Нф-100: Приключения метеоролога
Шрифт:
Но я ошибся. Сложных многоходовок не последовало. Как только Марина вернулась, она решительно задвинула дверь купе и спросила чуть приглушённым голосом:
– Саша, скажите честно, я вам нравлюсь?
– Нравитесь, - мне даже не пришлось кривить душой.
Марина села, опустила защёлку на двери и продолжила срывающимся шёпотом:
– А я вас люблю, вот!
М-да... Дела! Рано её всё-таки родители из дома выпустили. И пороли в детстве недостаточно.
– Марина, - начал я, с трудом подбирая слова.
– Вы меня совсем не знаете. И уже поэтому - не можете любить. Вы просто создали
Марина сидела напротив меня, сложив руки на коленях, как послушная школьница. Несмотря на детскую стройность, она была уже вполне оформившейся взрослой девушкой. Тёмно-синий брючный костюм так выгодно подчёркивал все достоинства её фигуры, что мне с трудом удавалось сохранять невозмутимый тон.
– Но почему вы думаете, что я вас не знаю?
– спросила она, подняв на меня глаза.
– А вы знаете?
– ответил я вопросом на вопрос.
– Что ж, проверим! Я жаворонок или сова? Что мне больше нравится: чай или кофе? За какую хоккейную команду я болею? А как насчёт вредных привычек? Курю? Люблю при случае выпить с друзьями? Играю в карты на деньги?
– Ну-у-у...
– недоверчиво улыбнулась Марина.
– И при чём тут любовь? Это же бытовые мелочи!

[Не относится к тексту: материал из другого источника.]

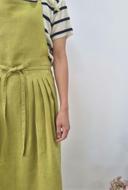 린넨샵열음의 lituania linen yellow green pleats skirt apron 옐로우 그린 플리츠 스커트 에이프런 상품입니다. 현재 가격은 80,000원입니다.

– Да, конечно. Те самые, из которых состоит вся наша жизнь... Ну, ладно! Не вся. Только на 90%. Но не это главное! Допустим на секунду, что я действительно такой, каким вам кажусь. Что из этого следует? Абсолютно ничего! Потому что любовь - штука взаимная. Любить должны оба. А я вас знаю не больше, чем вы меня. Вот я закрываю глаза, представляю, что вы исчезли, и ничего. Пустота, понимаете?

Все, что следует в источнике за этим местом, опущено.